Dataset items
= = =
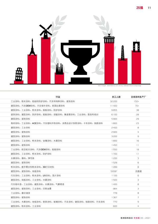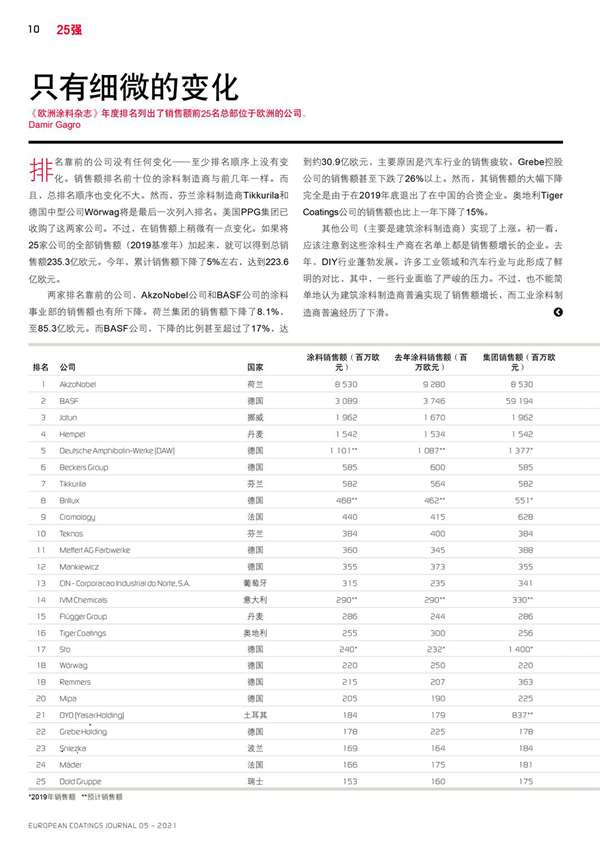 摘要:《歐洲涂料雜志》年度排名列出了銷售額前25名總部位于歐洲的公司
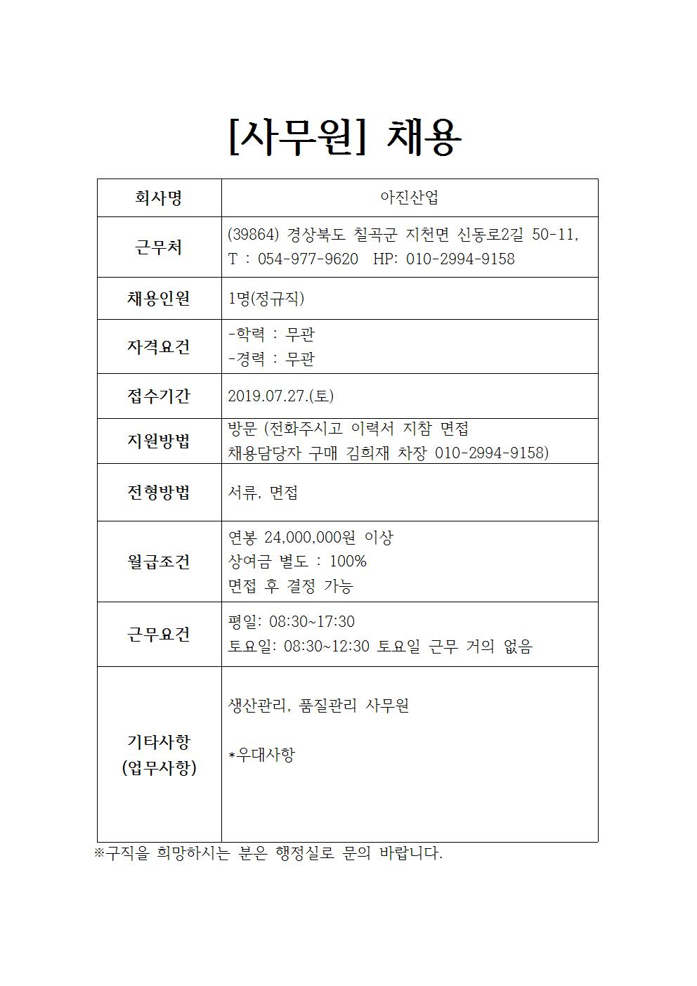 아진산업 채용공고
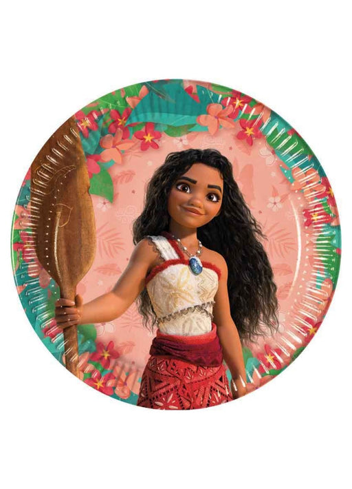 Pack of 8 Moana themed paper party plates decorated with character design.
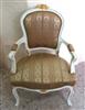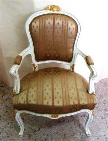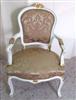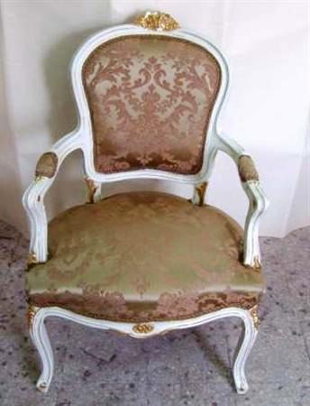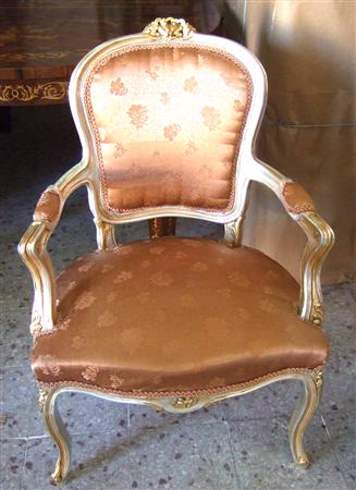 French Louis XV style carved arm chair upholstered with a damask fabric, gilded and silvered.
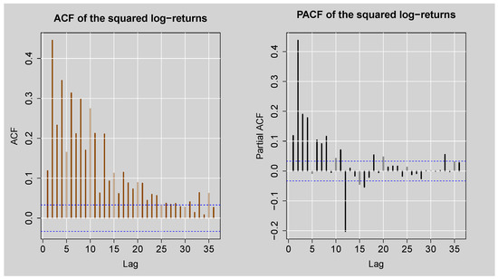 ACF and PACF plots of the squared standardised JSE Top40 log-returns.
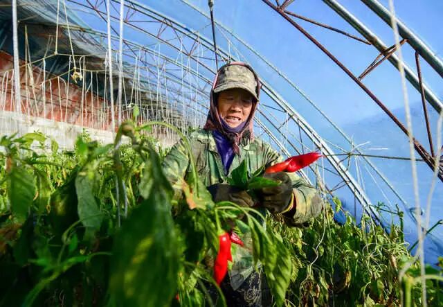 1月25日,“贫困户”潘素琴在温室大棚里劳作。新华社记者 连振 摄
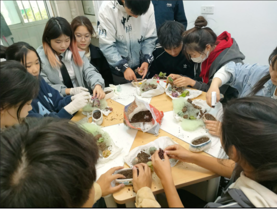 材料公司如是心理协会成员郝佳媛向大家介讲述了本次活动的目的,种植多肉的步骤及其注意事项。几十种不同品种、形态各异的多肉,供大家自由选择、自由搭配。从剥离泥土、调配基质到栽种多肉,参与的同学们认真对待每一个步骤。虽然是第一次从事园艺活动,但是大家热情高涨、静心专注。
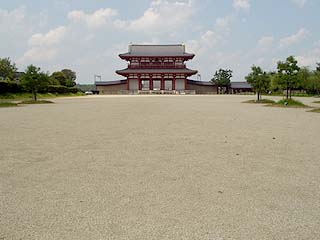 ![]() 炎天下の中、近鉄尼ヶ辻駅から1.5kmほど歩いて 奈良の都、平城京跡へ。 復元された南大門の朱雀門がそびえ立つ。 |
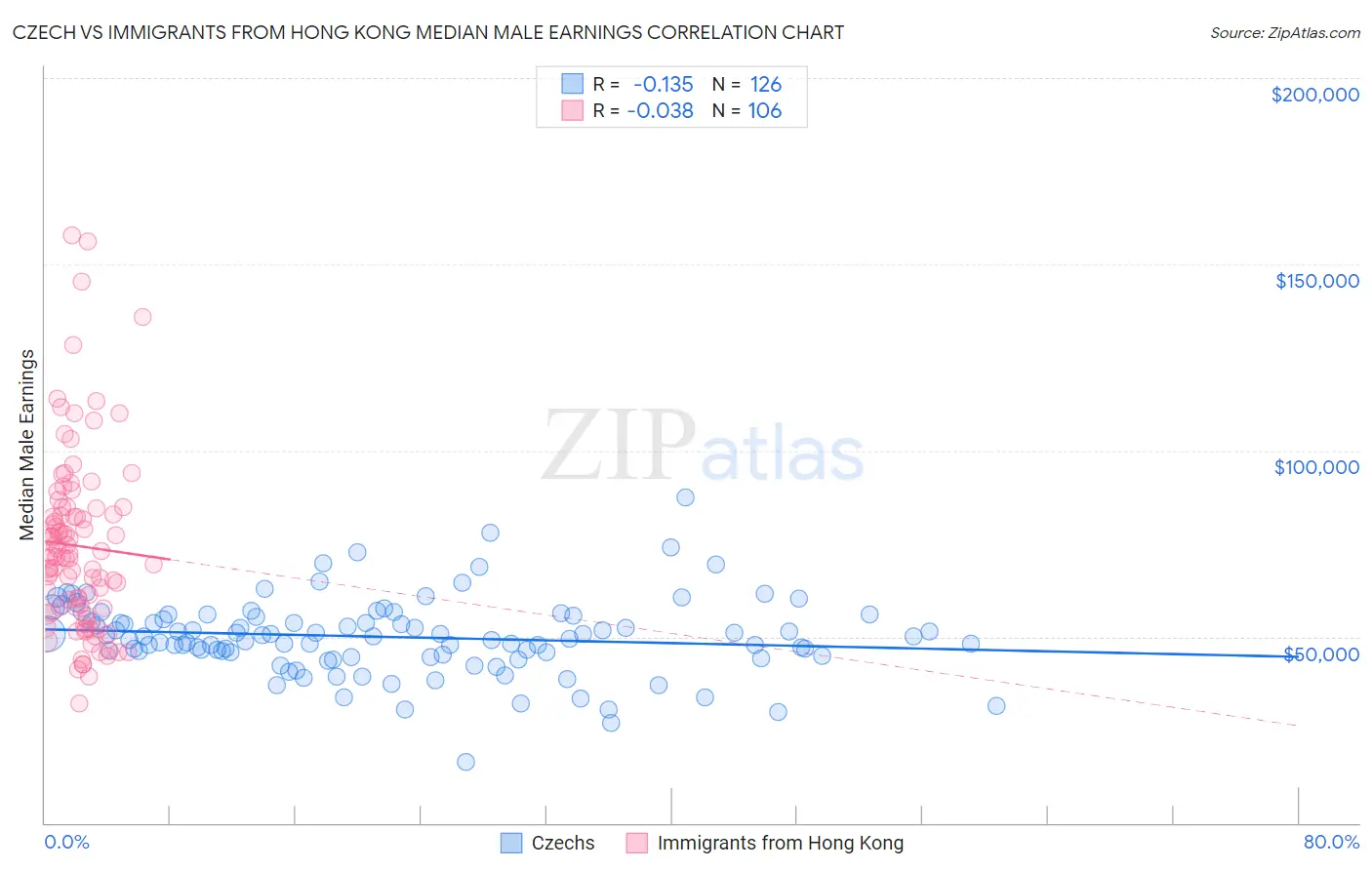 Czech vs Immigrants from Hong Kong Median Male Earnings Correlation Chart
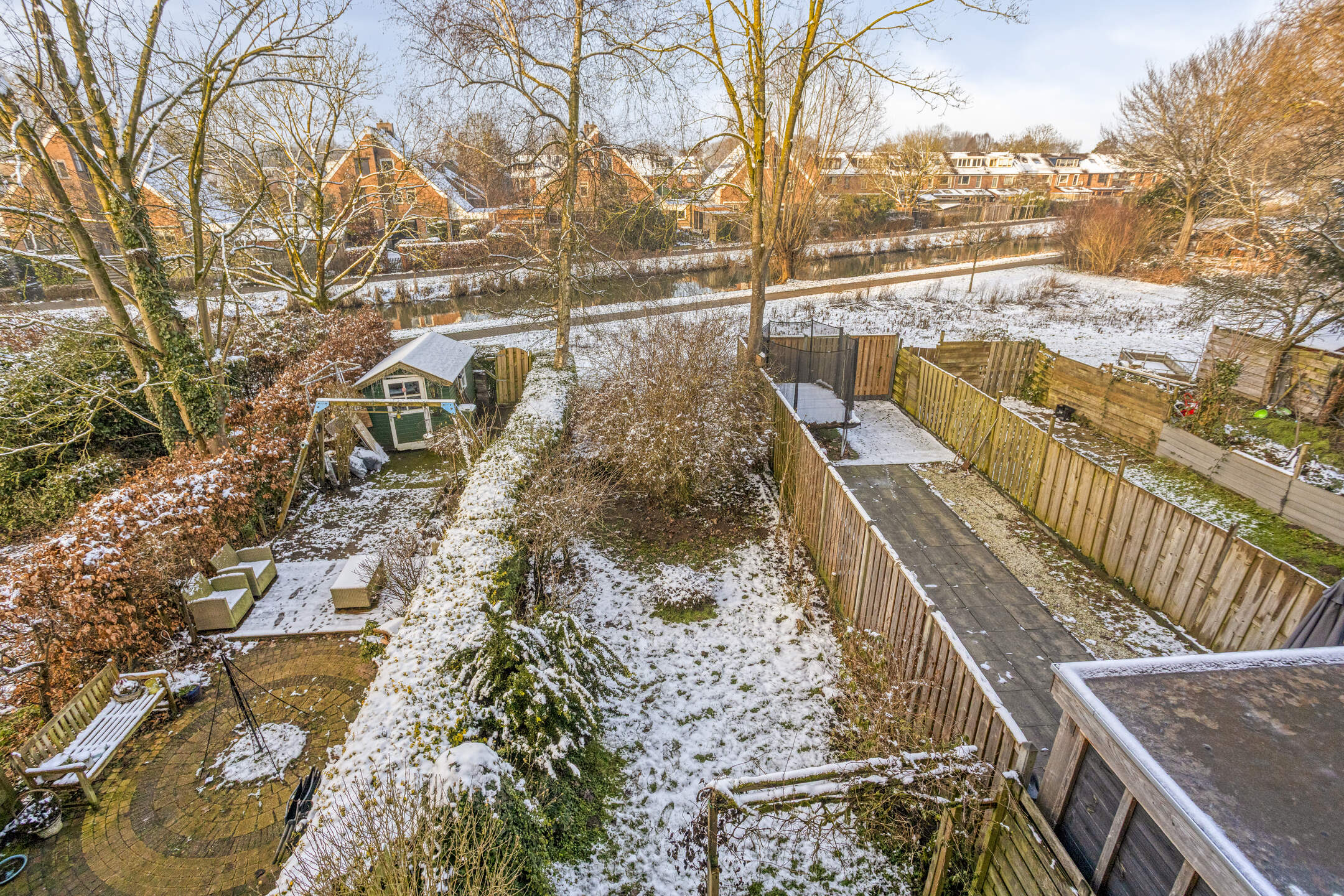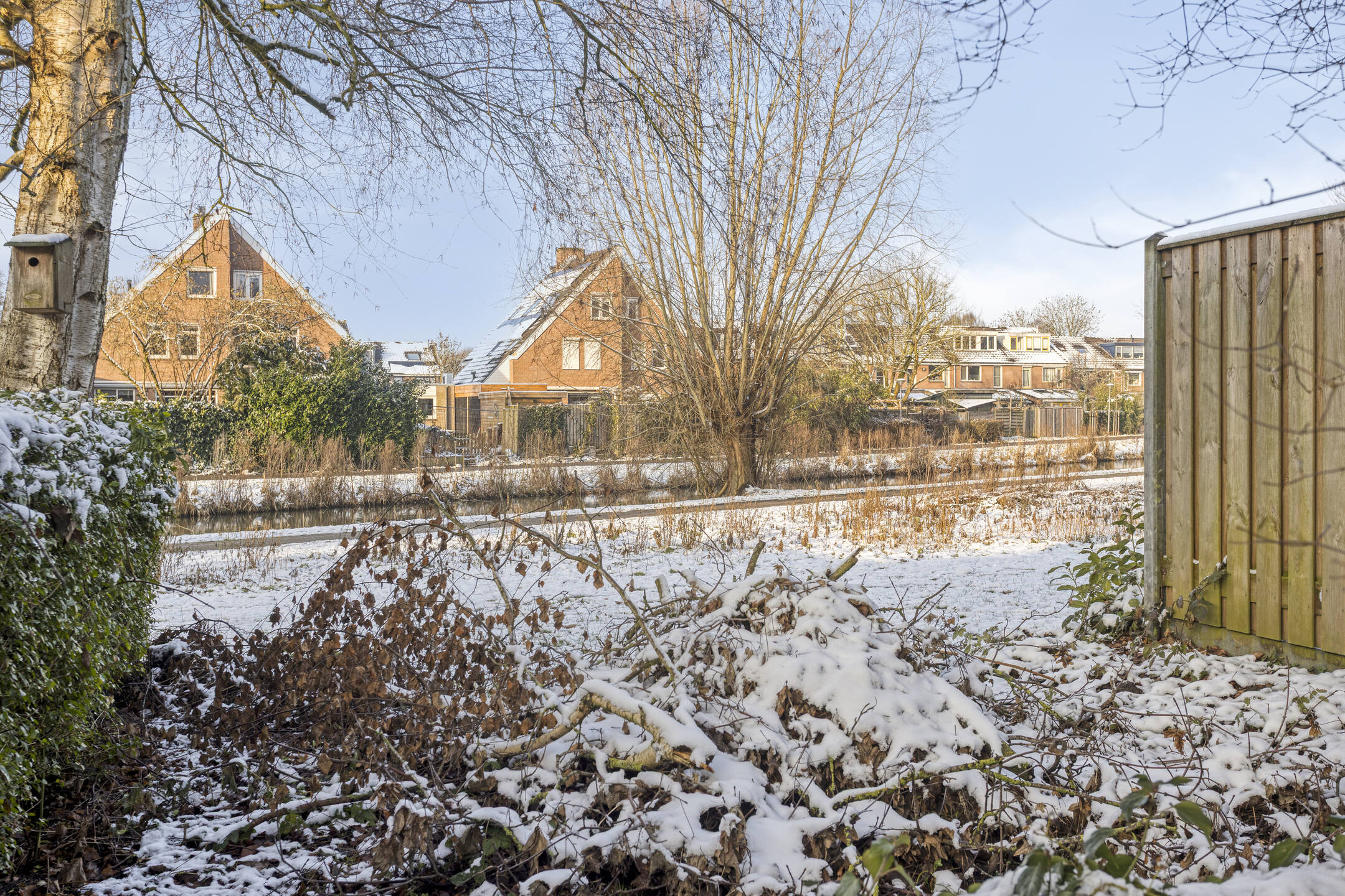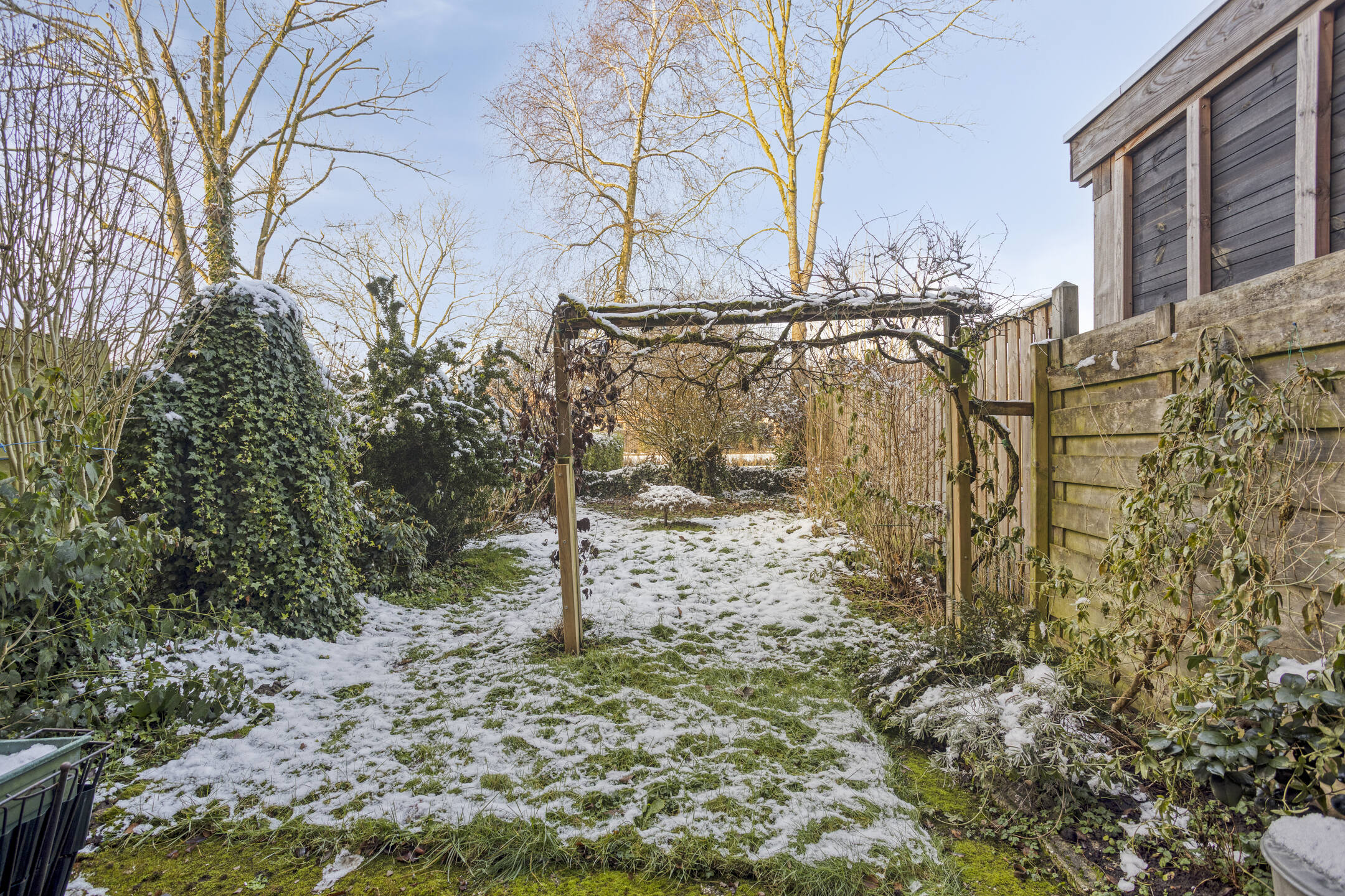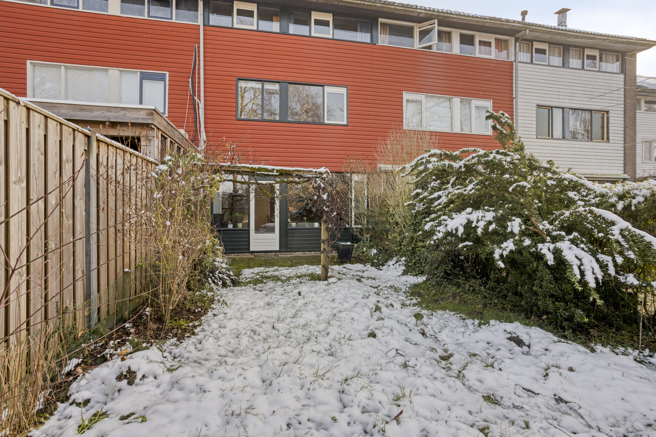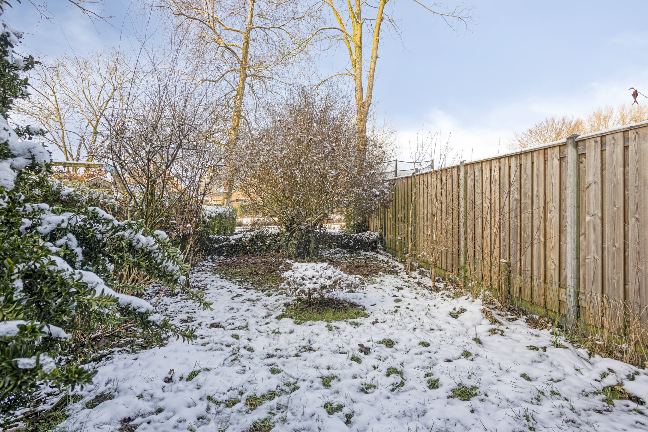 Groene achtertuin op het westen met borders, gazon en terras aan de achtergevel. Parkeren is mogelijk op de openbare parkeervoorzieningen in de straat.
= = =
• [What you have to do]: Could the data above be reproduced exactly, with the pictures left out?

• [Written solution]:
 摘要:《歐洲涂料雜志》年度排名列出了銷售額前25名總部位于歐洲的公司
 아진산업 채용공고
 Pack of 8 Moana themed paper party plates decorated with character design.
 French Louis XV style carved arm chair upholstered with a damask fabric, gilded and silvered.
 ACF and PACF plots of the squared standardised JSE Top40 log-returns.
 1月25日,“贫困户”潘素琴在温室大棚里劳作。新华社记者 连振 摄
 材料公司如是心理协会成员郝佳媛向大家介讲述了本次活动的目的,种植多肉的步骤及其注意事项。几十种不同品种、形态各异的多肉,供大家自由选择、自由搭配。从剥离泥土、调配基质到栽种多肉,参与的同学们认真对待每一个步骤。虽然是第一次从事园艺活动,但是大家热情高涨、静心专注。
 ![]() 炎天下の中、近鉄尼ヶ辻駅から1.5kmほど歩いて 奈良の都、平城京跡へ。 復元された南大門の朱雀門がそびえ立つ。 |
 Czech vs Immigrants from Hong Kong Median Male Earnings Correlation Chart
 Groene achtertuin op het westen met borders, gazon en terras aan de achtergevel. Parkeren is mogelijk op de openbare parkeervoorzieningen in de straat.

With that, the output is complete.